Bart shouts at me, "Get out here! We need more fuel!" I guess he was planning on a massive bonfire ...
So I double-checked to see if I had hair on my balls and hopped in with the other three drunks. Dale was annoying as hell and I'd been thinking about beating his ass and leaving him outside, but I opted to just leave Deanna and Dale passed out inside as we set off into the neighborhood for a little scavenger hunt. We collected all sorts of weird items (without owner's permission, of course) and threw them into the Explorer.

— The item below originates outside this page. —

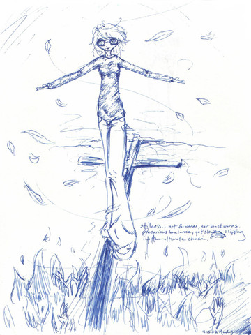 Full name Baabalaava. She needed a 'V' in her name, i thought ^_^ Don't ask who she is or where she hails from, cos i have nooooo idea. I just started doodling a girl in a big, bulky scarf, and then just added to it. Her expression fits her posture, i think. Arms held dociley behind her as she smiles to herself while waiting for...something. She's very enigmatic, Baaba is. I think i like her ^_^ Mebbe i'll color her later tonight; who knows.Related content

Bart would spot something on a second floor apartment balcony, like a set of wind chimes, and decide which of us was to go get it. Cesar somehow climbed up to the balcony and retrieved the chimes, which were noisy as hell, and promptly fell to the ground from the balcony. As if the racket from the chimes wasn't enough, we couldn't stop laughing for at least five minutes. We figured we should head out after the light came on, so Cesar scrambled, in some way uninjured from the fall, into the car and we sped off.
At this point we've been out for a few hours and stealing shit was getting real lame, so Bart drops us off at his house and says: "Sorry guys, this next part I can't drag you into. But I gotta do it."
He grabbed a can of gasoline from the garage and left us there, apprehensive and laughing hysterically at what he was about to do.
We had no idea what the specifics of his plan were but I was tired from all the running around and went inside to pass out, figuring I'd pick up Bart at the police station the following morning.
A half hour later, Bart is heard pulling into the garage, so we all get a beer and investigate. All the shit we had stolen was gone, as was most of the gasoline he'd taken. It turns out that he'd gone to one of the busiest intersections in the area, parked his car on the street, and created a massive bonfire of scarecrows, flags, benches, and all sorts of random things. After that I couldn't take any more and passed out.
The next day, sure enough, was a story about a bonfire in the middle of this intersection at 3:30 A.M.
Tragically, Bart was later apprehended for theft because one of his books (with his name written on the inside cover) ended up in one of the victim's yards, connecting Bart with the deed. But he was never connected with the fire...
Probably the funniest part is that Bart is now in India helping the poor with a humanitarian organization. I'd say that he's made up for his wrongdoing many times over.
- Creighton University
Editors Note:
Sometimes the community service pays even bigger dividends that just personal fulfillment.